1 2	`/* Type used for the number of file descriptors. */ typedef unsigned long int nfds_t;`

timeout：指定超时值，int 类型，单位毫秒。-1 表示 poll 调用将阻塞直到某个事件发生；0 调用立即返回。
返回值：含义与 select 相同。

3. epoll

3.1 内核事件表

epoll 是 Linux 特有的 I/O 复用函数。它在实现和使用上与 select、poll 有很大差异。首先，epoll 使用一组函数来完成任务，而不是单个函数。其次，epoll 把用户关心的文件描述符上的事件放在内核里的一个事件表中，从而无须像 select 和 poll 那样每次调用都要重复传入文件描述符集或事件集。但 epoll 需要使用一个额外的文件描述符，来唯一标识内核中的这个事件表。
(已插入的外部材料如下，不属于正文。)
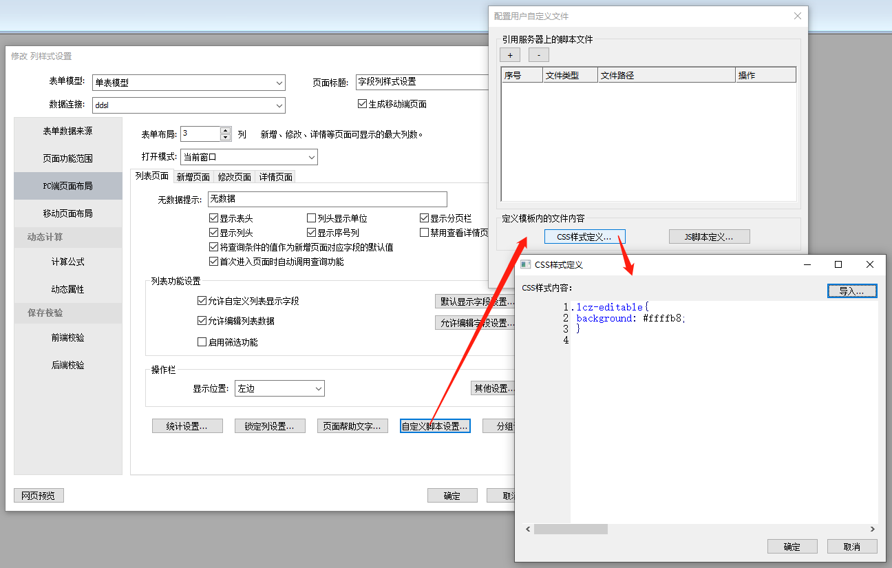 自定义css样式配置依然还是在设计器跨设备表单“模板-PC页面布局-列表页面-自定义脚本设置-CSS样式定义”中进行配置,界面如下图所示:

这个文件描述符使用 epoll_create 函数创建：

/* Creates an epoll instance.  Returns an fd for the new instance.
   The "size" parameter is a hint specifying the number of file
   descriptors to be associated with the new instance.  The fd
   returned by epoll_create() should be closed with close().  */
extern int epoll_create (int __size) __THROW;

函数返回的文件描述符将用于后续 epoll 相关函数的第一个参数，以指定要访问的内核事件表。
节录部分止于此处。